═══ Dataset content ═══

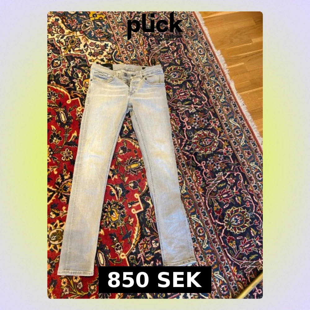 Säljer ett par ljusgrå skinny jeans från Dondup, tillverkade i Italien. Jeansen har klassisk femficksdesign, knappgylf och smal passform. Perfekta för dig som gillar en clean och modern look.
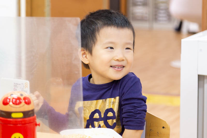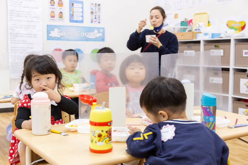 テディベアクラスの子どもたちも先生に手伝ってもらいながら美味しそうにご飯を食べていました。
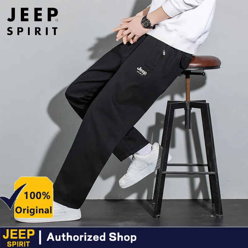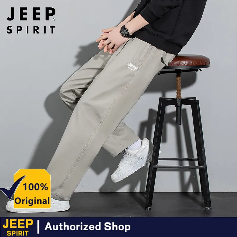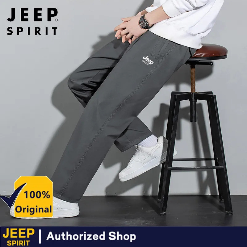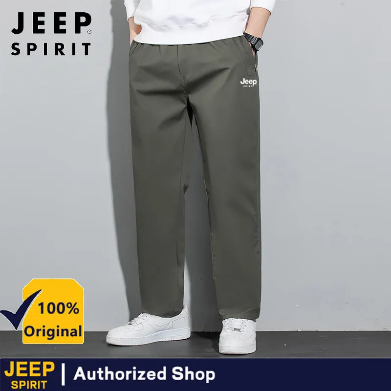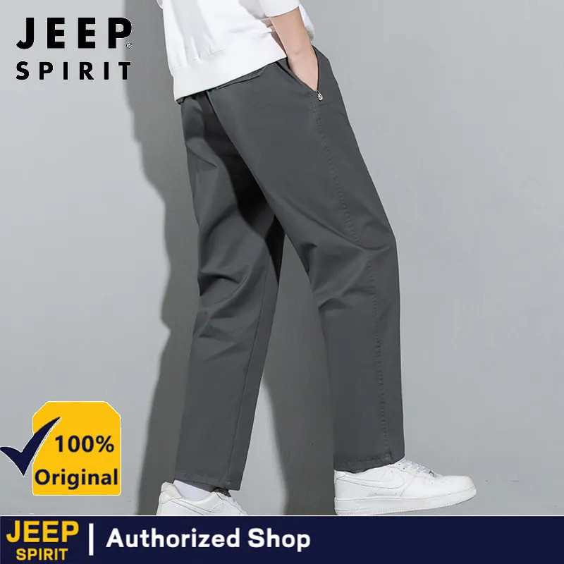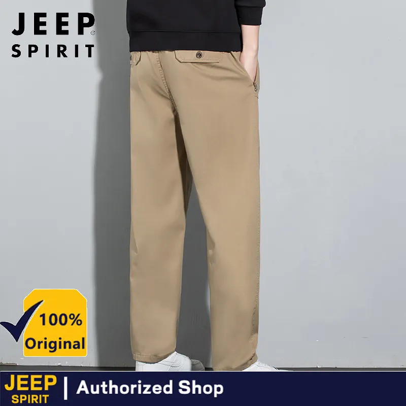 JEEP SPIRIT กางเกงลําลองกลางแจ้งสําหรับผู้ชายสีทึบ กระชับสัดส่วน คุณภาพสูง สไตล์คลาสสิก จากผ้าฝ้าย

═══

*What you have to do*. Would you restate, word for word, the lines from the one holding "テディベアクラスの子どもたち" through the end of the material above? Omit the pictures.

*Answer area*.
 テディベアクラスの子どもたちも先生に手伝ってもらいながら美味しそうにご飯を食べていました。
 JEEP SPIRIT กางเกงลําลองกลางแจ้งสําหรับผู้ชายสีทึบ กระชับสัดส่วน คุณภาพสูง สไตล์คลาสสิก จากผ้าฝ้าย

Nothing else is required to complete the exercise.